In the current study, a research team led by Dr. Stefan Bonn and Prof. André Fischer from Göttingen, joined forces with colleagues from the DZNE’s Munich site, to examine how the activity of such genes is regulated. The scientists stimulated long-term memory in mice, by training the animals to recognise a specific test environment. Based on tissue samples, the researchers were able to discern to what extent this learning task triggered changes in the activity of the genes in the mice’s brain cells. Their focus was directed on so-called epigenetic modifications. These modifications involve the DNA and DNA associated proteins.
Epigenetic modifications
“The cell makes use of various mechanisms in order to turn genes on or off, without altering the DNA sequence itself. It’s called ‘epigenetics’,” explains Dr. Magali Hennion, a staff member of the research group of Stefan Bonn.
In principle, gene regulation can happen through methylation, whereby the backbone of the DNA is chemically labeled at specific sites. Changes in the proteins called histones that are packaging the DNA may also occur.
Hennion: “Research on epigenetic changes that are related to memory processes is still at an early stage.
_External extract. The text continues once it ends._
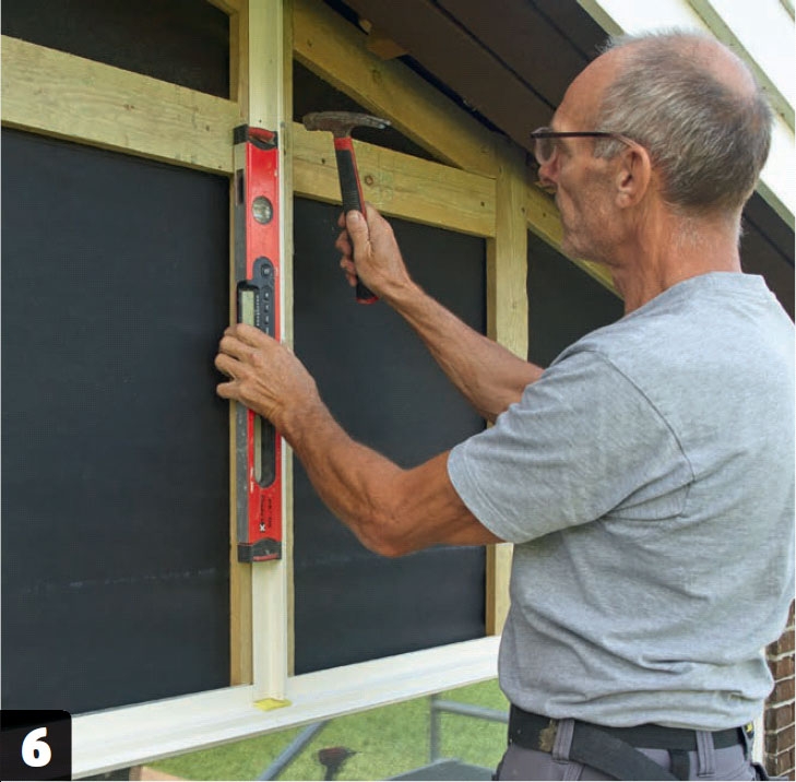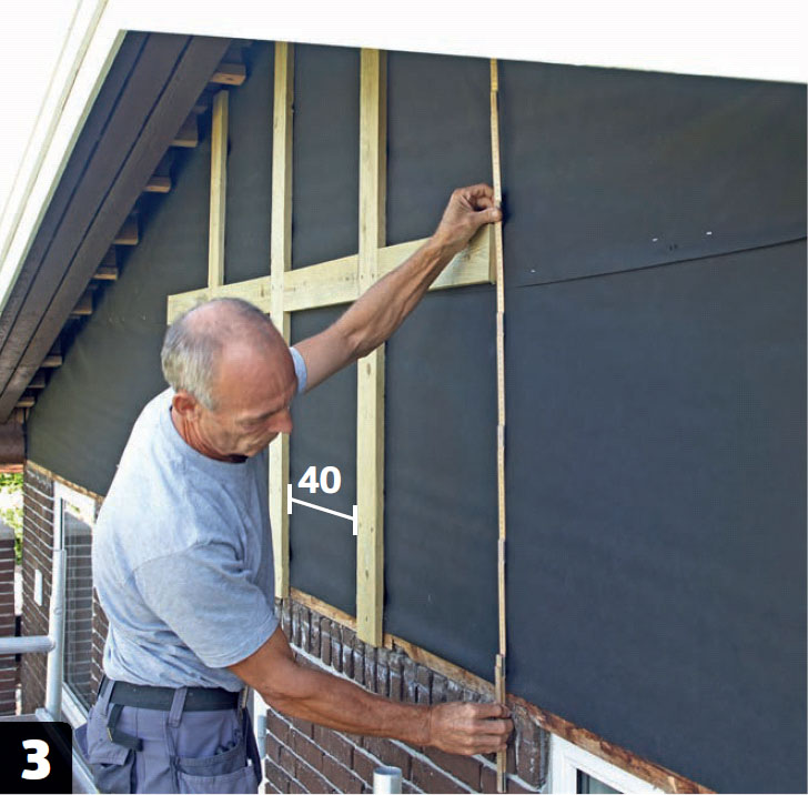 Sätt upp spikläkt till den nya gavelpanelen. Börja mitt på och arbeta dig ut mot sidorna. De lodräta läkten placeras med ett avstånd på 40 cm med en läkt mellan som fästs på hanbjälken.

We look at such features, not only for the purpose of a better understanding of how memory works. We also look for potential targets for drugs that may counteract memory decline. Ultimately, our research is about therapies against Alzheimer’s and similar brain diseases.“
A code for memory contents?
In the current study the researchers found modifications, both of the histones as well as of the methylation of the DNA. However, histone modifications had little effect on the activity of genes involved in neuroplasticity. Furthermore, Bonn and his colleagues not only discovered epigenetic modifications in nerve cells, but also in non-neuronal cells of the brain.
“The relevance of non-neuronal cells for memory, is an interesting topic that we will continue to pursue“, says André Fischer, site speaker for the DZNE in Göttingen and professor at the University Medical Center Göttingen (UMG). “Furthermore, our observations suggest that neuroplasticity is to a large extent regulated by DNA methylation. Although this is not a new hypothesis, our study provides an unprecedented amount of supporting evidence for this. Thus, methylation may indeed be an important molecular constituent of long-term memory. In such a case, methylation could be a sort of code for memory content and a potential target for therapies against Alzheimer’s disease. This is an aspect that we specifically want to focus on, in further studies.”